The big model race has stirred up new waves. AI startup MiniMax recently officially launched its new flagship large model, M3. According to the technical report's various benchmark tests, the model's performance is astonishing: in tests that are considered close to real software engineering scenarios, M3 achieved an excellent score of 59%, not only surpassing GPT-5.5 but also approaching Opus4.7. In addition, it features a million-level context processing capability and native multi-modal characteristics. However, in stark contrast to its strong technical indicators, the model's release triggered intense backlash from the developer community, with Chinese communities especially filled with criticism.
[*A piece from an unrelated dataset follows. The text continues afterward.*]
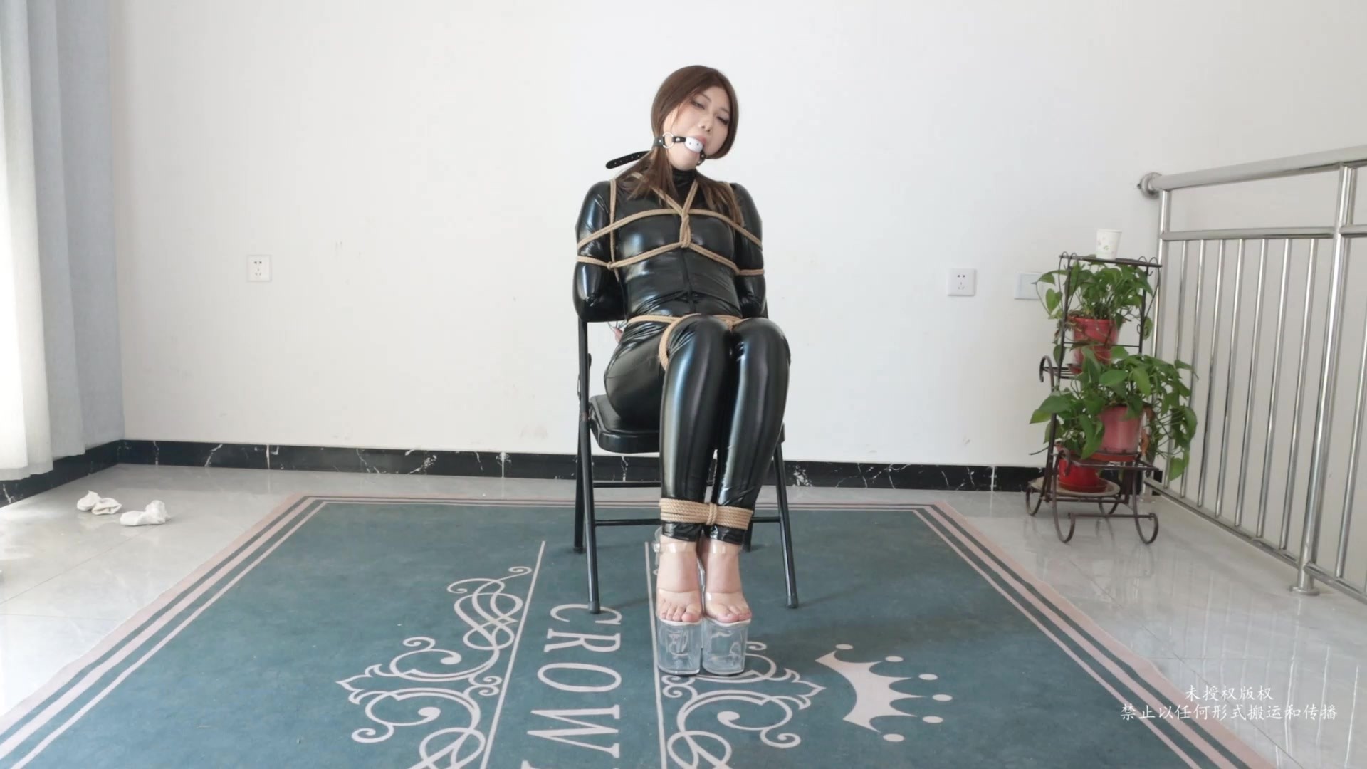 性感美女身穿皮衣脚踩透明恨天高化身美女搜查官,被捆绑口球堵嘴只能无助的呻吟流口水,还被换上多种胶带封嘴,挣扎反抗却无济于事,只能任由口水不断的流出,模特呻吟很不错,口水也很多

The first core focus of industry skepticism lies in the "hidden agenda" behind the evaluation data. Technical details show that M3 used Claude Code, a competitor's model, as the evaluation framework in tests related to coding (code) capabilities. Although using existing toolchains to run agent (Agent) evaluations is a common practice in the current industry, MiniMax used someone else's framework to test its own capabilities and directly scored high, comparing itself with the competitor for public promotion. This approach has been criticized by many programmers as "not straightforward." Users find it difficult to distinguish how much of the impressive results are the model's native abilities and how much is due to the framework's enhancement.

image.png

Secondly, the issue of "open source" sincerity has left the open-source community confused. Unlike other vendors releasing open-source models, MiniMax did not disclose the size of M3 or release the model's "weights" this time. It only stated that it would open-source the model within 10 days after the release, and currently users can only access it through an API. Since the core value of the open-source community is "reproducibility and verifiability," this approach of promoting open-source without providing weights, leaving everyone unable to independently understand the model's details in their local environment, may be understandable from a commercial logic perspective, but seriously harmed the developer community that values practicality and honesty.

image.png

The most frustrating thing for heavy users is the sudden adjustment of the billing rules (Coding Plan). Previously, MiniMax was known as "generous with volume" because it limited rate by request count and did not set a monthly Token total limit. However, with the release of M3, the official also introduced a new Token Plan, changing the rules to total volume billing. Although the official claims that the Plus plan's Token usage is highly cost-effective, in heavy usage scenarios with a million context, each call often consumes a lot, and the new rules cause the package quota to deplete quickly, leading to collective complaints from old users.

Setting aside these operational controversies, M3's innovations in the underlying architecture still have notable highlights. It independently developed a sparse attention mechanism called MSA (MiniMax Sparse Attention), which breaks the traditional Transformer's computational explosion in long-context calculations by performing high-precision block division and sparsification on KV (Key-Value). At the level of low-level operators, the model pioneered a new way of computing aggregation, making memory access more continuous and achieving a speed four times faster than the open-source Flash-Sparse-Attention. This allows M3 to improve forward propagation and decoding speeds by 9 times and 15 times respectively under a million context, with single-Token computation reduced to half of the previous generation.